### WORK REQUEST
Please reproduce the lines of the records below from the one holding "Results of change" through the one holding "Sweet beaded chic", inclusive, skipping all pictures.

### GIVEN ENTRIES
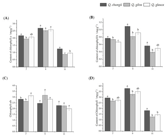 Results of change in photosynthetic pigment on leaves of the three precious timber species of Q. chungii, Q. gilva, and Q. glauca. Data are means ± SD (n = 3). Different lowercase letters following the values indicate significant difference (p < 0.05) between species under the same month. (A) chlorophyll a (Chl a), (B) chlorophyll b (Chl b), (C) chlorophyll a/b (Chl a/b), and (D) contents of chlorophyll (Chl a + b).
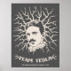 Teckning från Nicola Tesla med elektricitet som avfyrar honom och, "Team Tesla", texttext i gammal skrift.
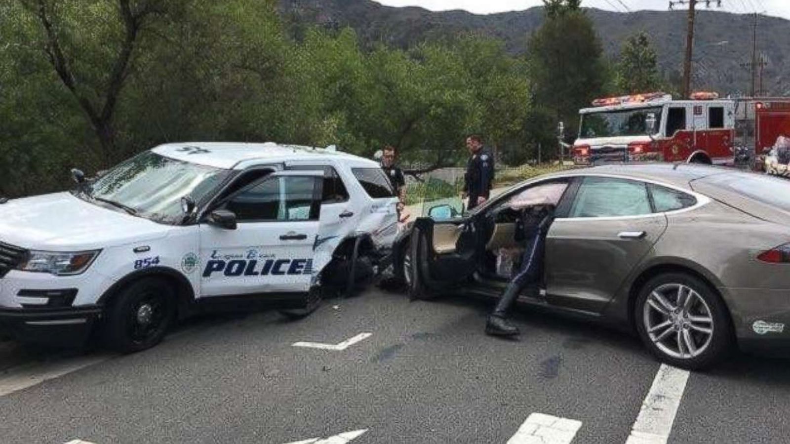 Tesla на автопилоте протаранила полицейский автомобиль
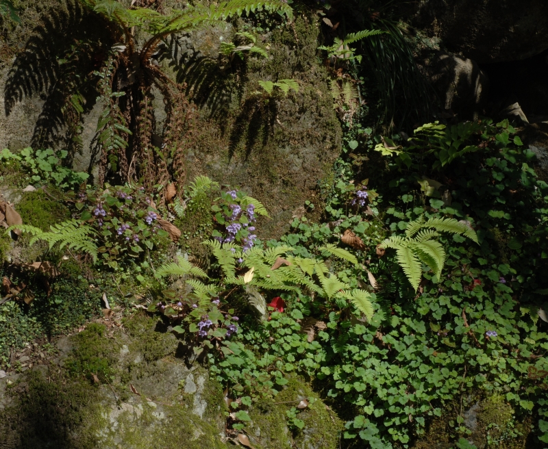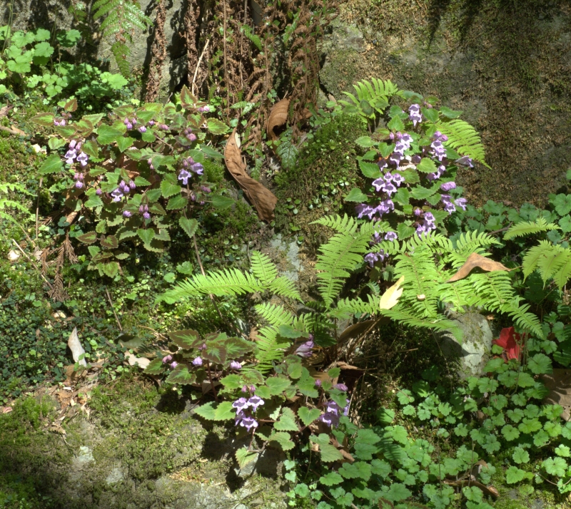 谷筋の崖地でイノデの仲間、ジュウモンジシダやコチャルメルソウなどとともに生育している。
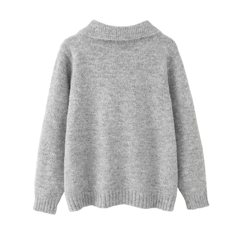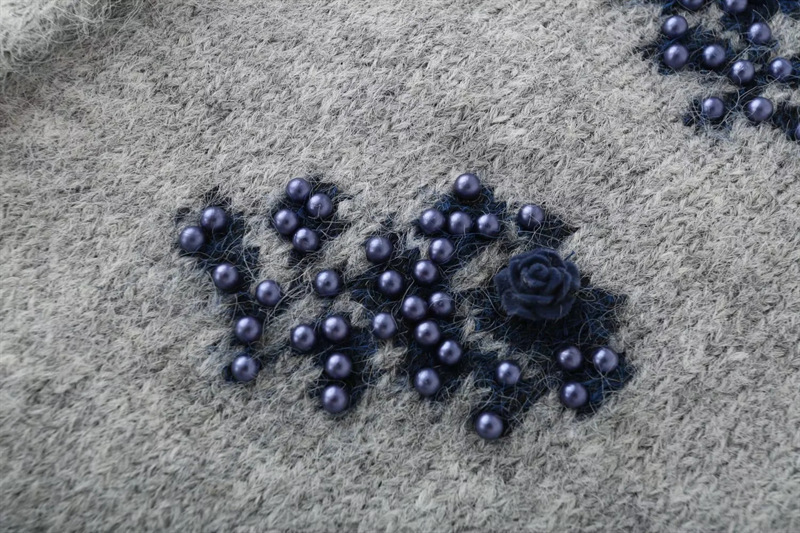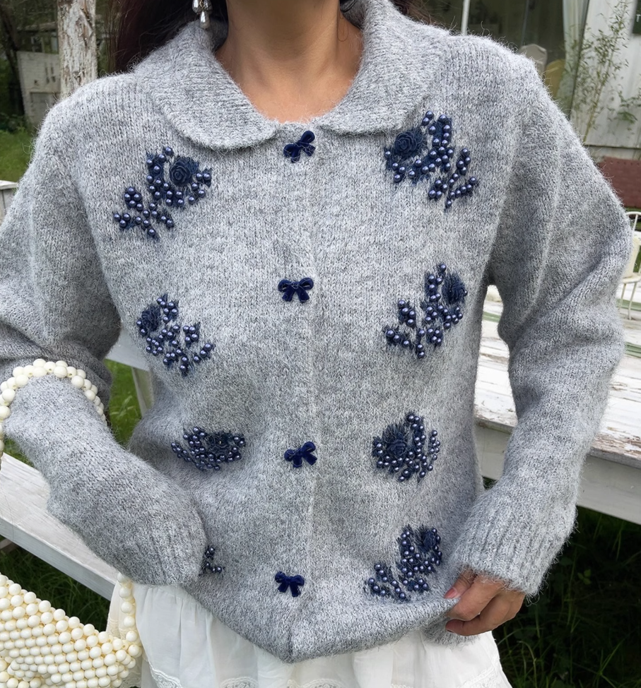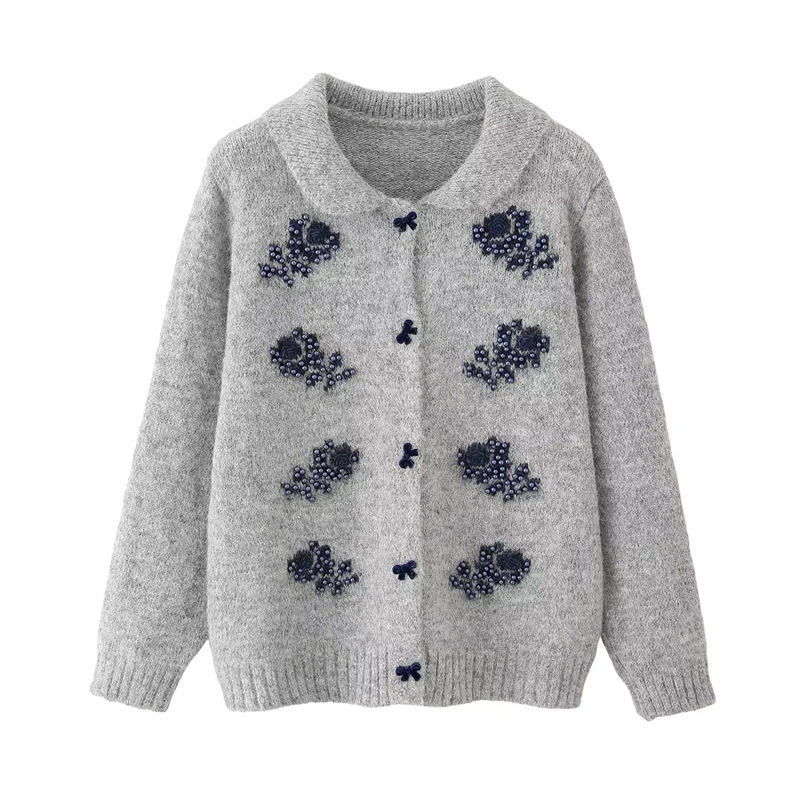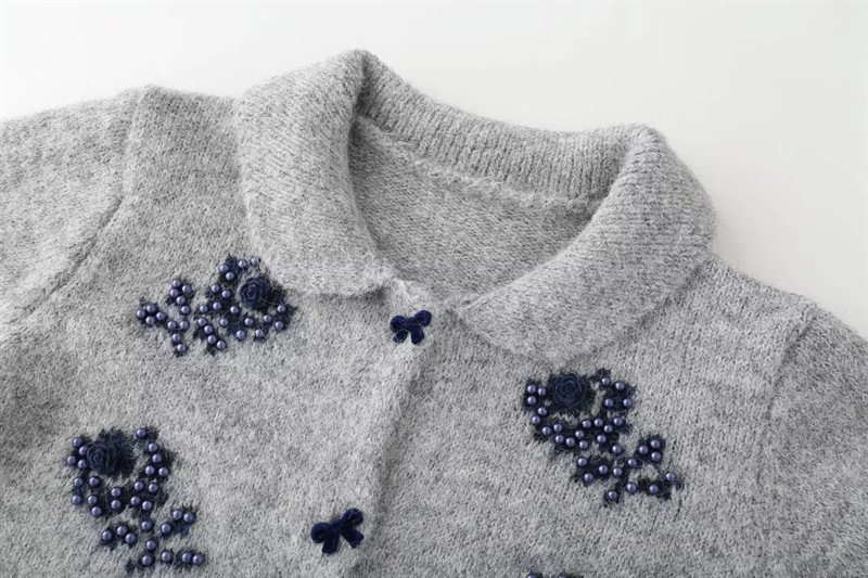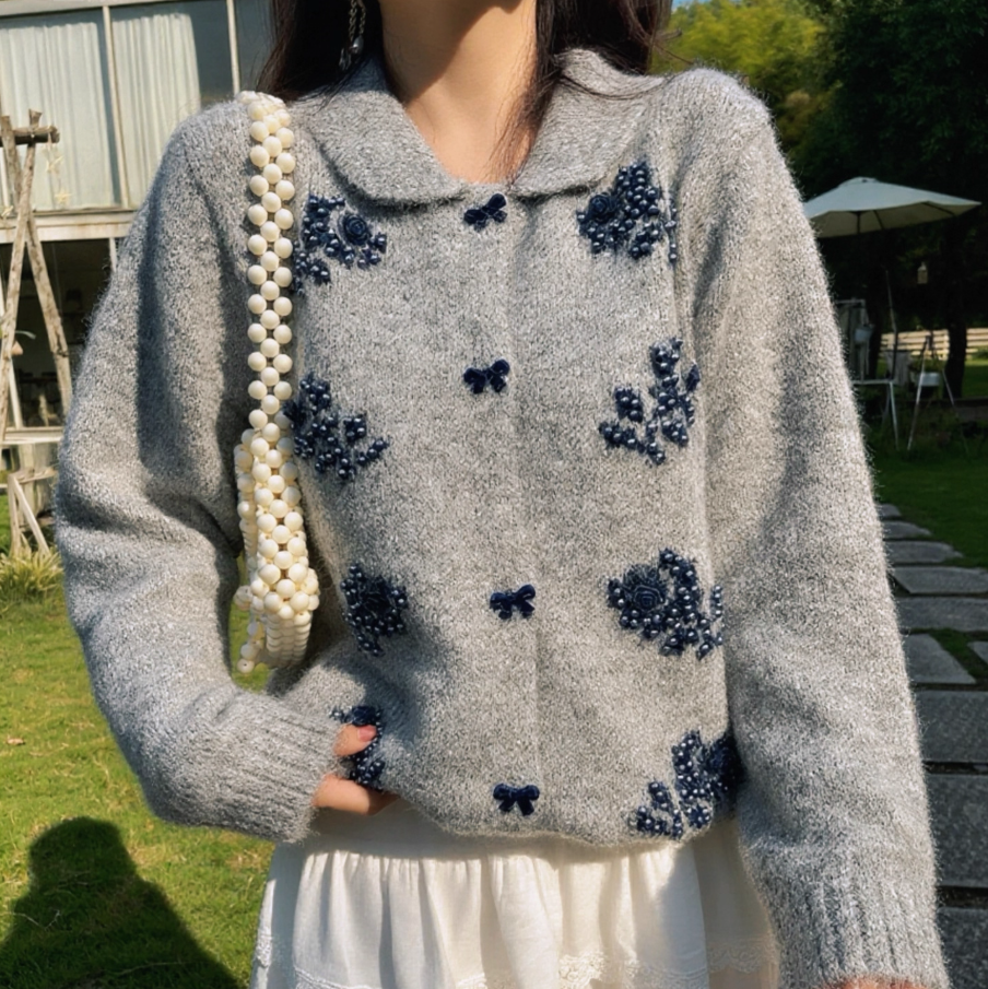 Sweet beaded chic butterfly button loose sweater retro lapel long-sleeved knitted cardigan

...

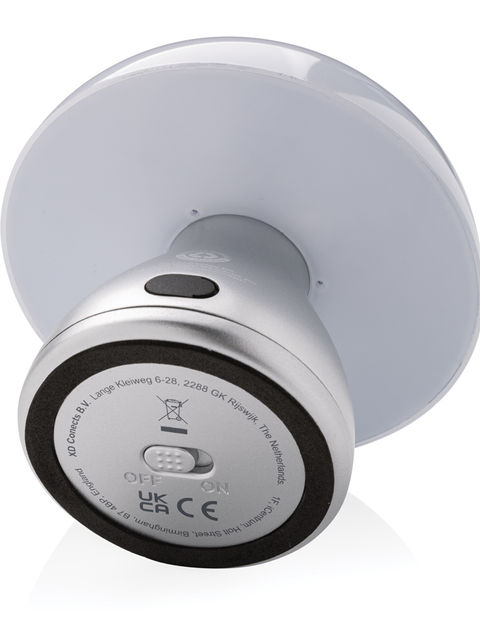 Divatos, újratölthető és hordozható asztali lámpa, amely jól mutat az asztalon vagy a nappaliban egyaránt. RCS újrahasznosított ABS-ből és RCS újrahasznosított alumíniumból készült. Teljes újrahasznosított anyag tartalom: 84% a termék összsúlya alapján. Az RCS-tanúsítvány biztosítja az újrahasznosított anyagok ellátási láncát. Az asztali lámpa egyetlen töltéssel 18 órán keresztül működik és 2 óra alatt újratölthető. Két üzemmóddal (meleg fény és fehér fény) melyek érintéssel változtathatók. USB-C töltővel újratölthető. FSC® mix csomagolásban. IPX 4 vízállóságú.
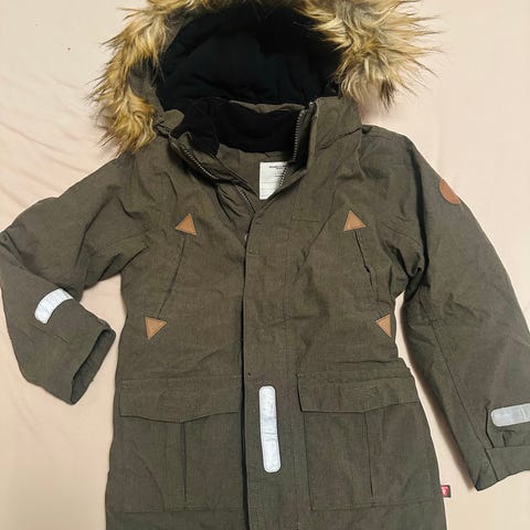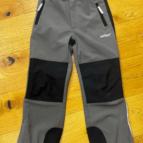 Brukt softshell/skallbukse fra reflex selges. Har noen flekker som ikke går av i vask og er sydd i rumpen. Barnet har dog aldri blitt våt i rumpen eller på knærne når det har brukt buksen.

### RESPONSE AREA
 Results of change in photosynthetic pigment on leaves of the three precious timber species of Q. chungii, Q. gilva, and Q. glauca. Data are means ± SD (n = 3). Different lowercase letters following the values indicate significant difference (p < 0.05) between species under the same month. (A) chlorophyll a (Chl a), (B) chlorophyll b (Chl b), (C) chlorophyll a/b (Chl a/b), and (D) contents of chlorophyll (Chl a + b).
 Teckning från Nicola Tesla med elektricitet som avfyrar honom och, "Team Tesla", texttext i gammal skrift.
 Tesla на автопилоте протаранила полицейский автомобиль
 谷筋の崖地でイノデの仲間、ジュウモンジシダやコチャルメルソウなどとともに生育している。
 Sweet beaded chic butterfly button loose sweater retro lapel long-sleeved knitted cardigan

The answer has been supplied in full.